Training (from June 1971 to September 1998), testing (from October 1998 to July 2004) and validation (from August 2004 to May 2010) for LSTM-RNN

Fig. 5
figure 5

Training (from June 1971 to September 1998), testing (from October 1998 to July 2004) and validation (from August 2004 to May 2010) for RNN

Fig. 6
figure 6

Training (from June 1971 to July 2004) and validation (from August 2004 to May 2010) for naïve method

Fig. 7
figure 7

Scatterplot of the forecasted versus their corresponding observed Q75 values for LSTM-RNN in the validation period

Fig. 8
figure 8

Scatterplot of the forecasted versus their corresponding observed Q75 values for RNN in the validation period

Fig. 9
figure 9

Scatterplot of the forecasted versus their corresponding observed Q75 values for naïve method in the validation period

Conclusions

An effort was made in this paper to explore the suitability of LSTM-RNN over RNN for hydrological time series. As a case study, monthly low-flow discharge data are used to implement the forecasting models. The standard statistical performance evaluation measures are adopted to evaluate the performances of various models applied.

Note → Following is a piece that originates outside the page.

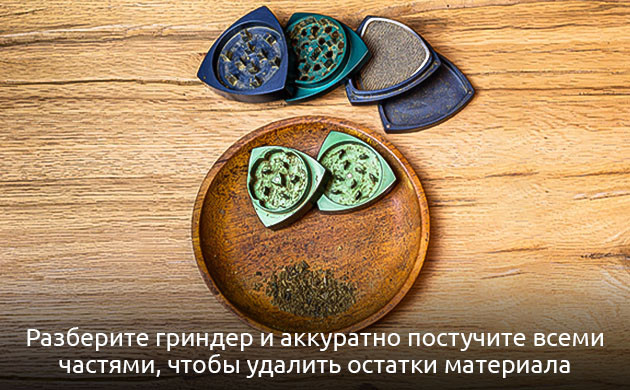 не используйте едкую химию вроде отбеливателя или других чистящих средств, содержащих хлор. Подобные вещества могут впитываться в поверхность гриндера и позже придадут неприятный запах при использовании.

LSTM-RNN’s ability to forget, remember and update the information pushes it one-step ahead of RNN. The results obtained in this study indicate that the LSTM-RNN method can be used to model low-flow HTS at Basantapur station in the Mahanadi River basin, India, and can give satisfactory performance over RNN and naïve method. LSTM-RNN is well-suited to learn from experience to classify, process and predict time series given time lags of unknown size and bound between important events. Time series prediction involves processing of patterns that evolve the appropriate response at a particular point in time and depends not only on the current value of the observable but also in the past.

Therefore, the results of the study are encouraging, and the authors advocate that LSTM-RNN approaches can be used in modeling the low-flow hydrological time series for the selected station, and this may provide some ideas for researchers and engineers who apply data-driven AI approaches for modeling low-flow hydrological time series forecasting. This work recommends the performance of such model can be improved for low-flow hydrological time series forecasting by adopting several stacked layers (multiple hidden LSTM layers) and a GRU (Gated Recurrent Unit) LSTM that would be scope of this work.